The other candidates in the race, Republican Naz Namazi and write-in candidate Louise Stewardson, garnered 3.5 percent and 2.0 percent respectively.

OC Registrar of Voters Neal Kelley said he expected to have about 4,000 mail-in ballots dropped off at the polls Tuesday tabulated by end of business Wednesday. Provisional votes would be reviewed Thursday and a final update is expected Friday, Kelley said.

Both of the leading candidates agree it’s unlikely that the outcome will change in the next few days.

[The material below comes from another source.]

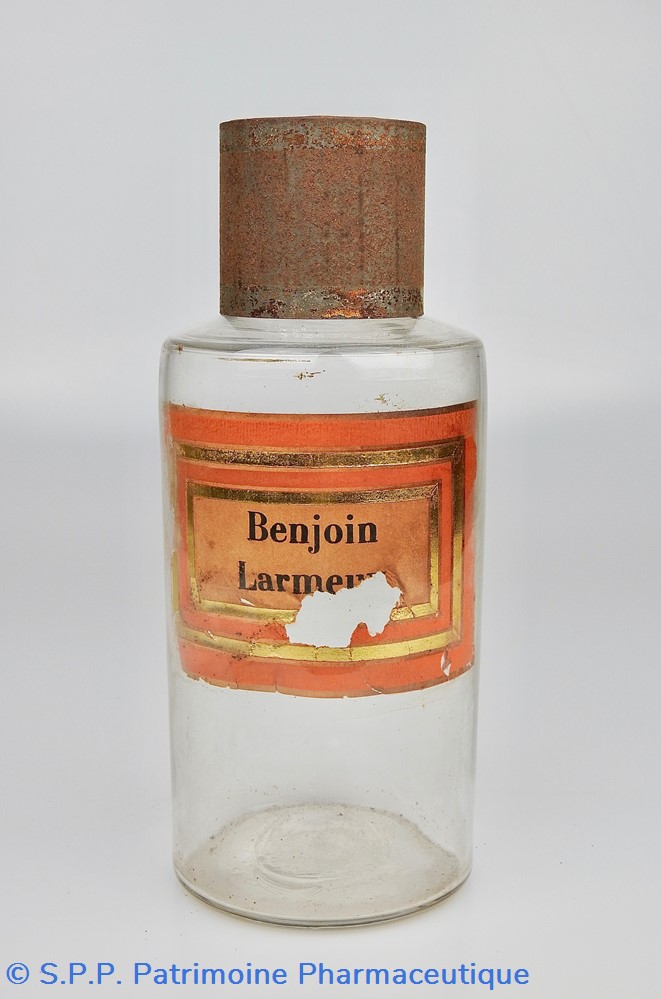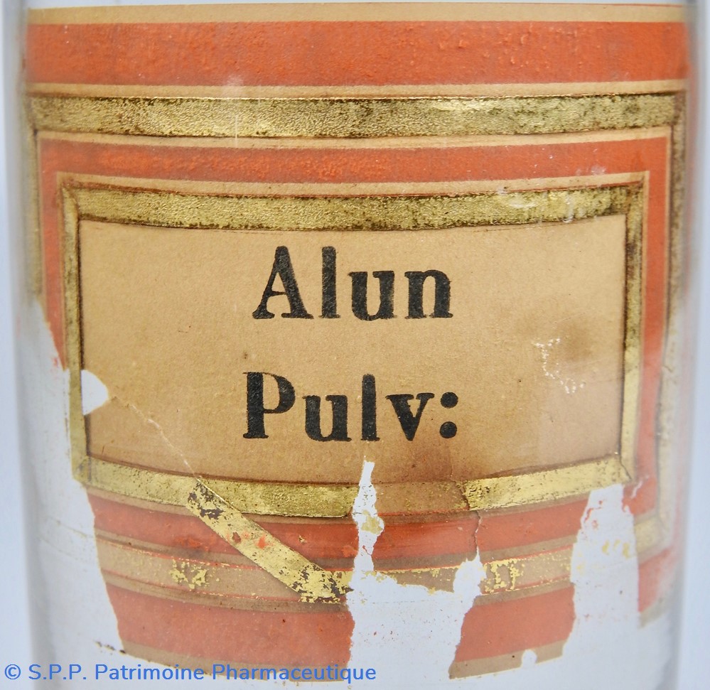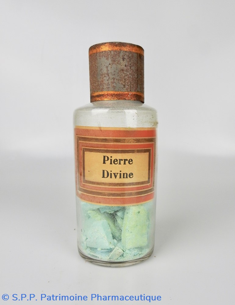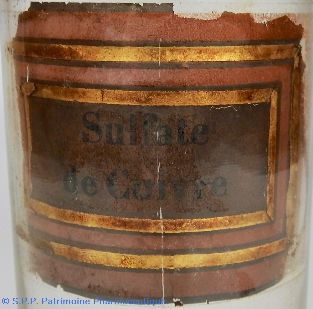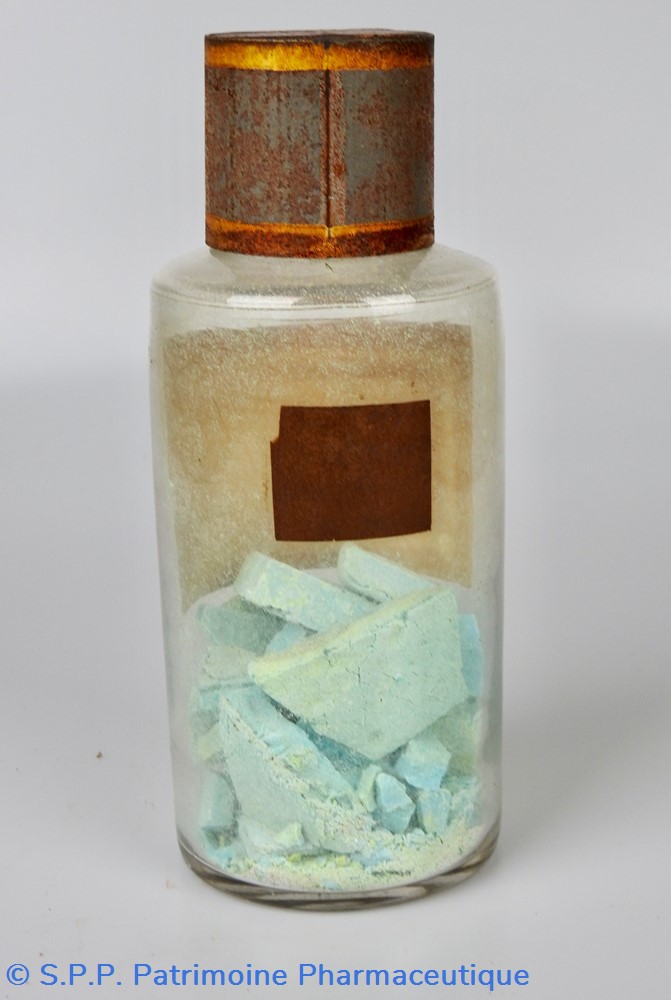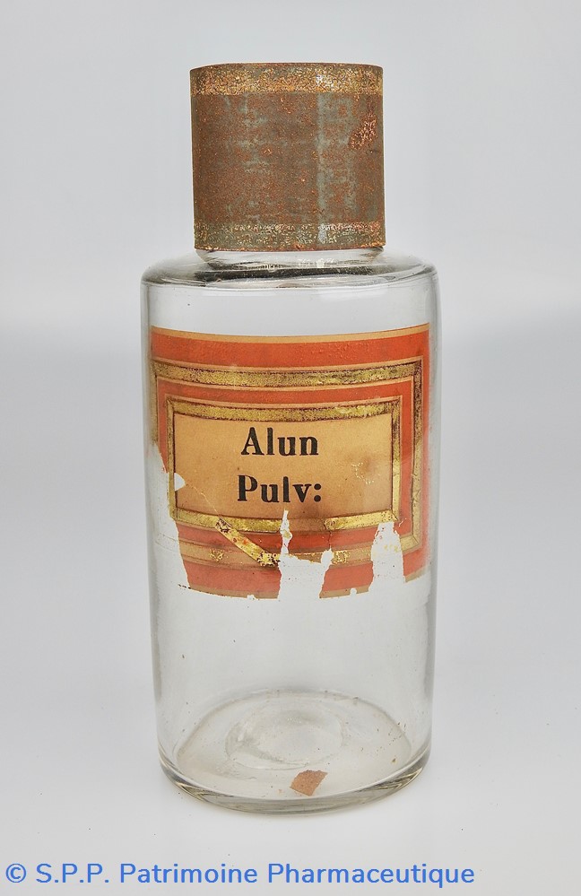 Flacon de pharmacie en verre soufflé avec ouverture en goulot évasé permettant de verser des poudres. Etiquette crème entourée de bandes alternées rouge et or. Le nom est inscrit en noir au milieu d'un rectangle crème au centre de l'étiquette. L'étiquette est fortement endommagée aussi bien du point de vue des coloris que dans sa texture. Le nom inscrit est pratiquement illisibleUn couvercle en tôle peinte mais rouillé surmonte le flacon sans bouchon intérieur. Ce couvercle était initialement décoré à sa base et dans la partie supérieure d'un filet doré. Le flacon est vide de substance.

A somber State Assemblyman Don Wagner on late Tuesday night said he was “very disappointed in returns,” Wagner said. “It shows the strength of a county supervisor’s name ID and ballot designation.”

While Wagner said he’d await official announcements on vote totals before conceding, he acknowledged the race is all but over.

Wagner acknowledged he ran an aggressive race, using hit mail to try to counter the high name recognition built by Moorlach.

It didn’t work, Wagner said, largely because county supervisors stay visible in the local community while officials who go up to Sacramento quickly disappear, given that their ability to enact legislation is limited as a minority party member.

“People see the supervisors in and around town.  They see the headlines these guys get, especially when you demagogue issues…like John,” Wagner said.

Tuesday’s special election is the latest in a series of intensifying election clashes between moderate, pro big-business factions and more fiscally conservative, libertarian-leaning wings of the OC GOP.

The political hit mail in the 37th State Senate race was particularly nasty.

The Association of Orange County Deputy Sheriffs weighed in heavily on the race, leading a contingent of public safety unions and a few other labor groups who spent in excess of a six-figure sum to oppose Moorlach through independent mailers attacking him. Moorlach earned law enforcement union officials’ ire after unsuccessfully waging a lawsuit against retroactive pension benefits for deputies.

That effort bolstered Wagner’s 4-1 fundraising advantage over Moorlach, with more than $371,000 for campaign operations and mailers.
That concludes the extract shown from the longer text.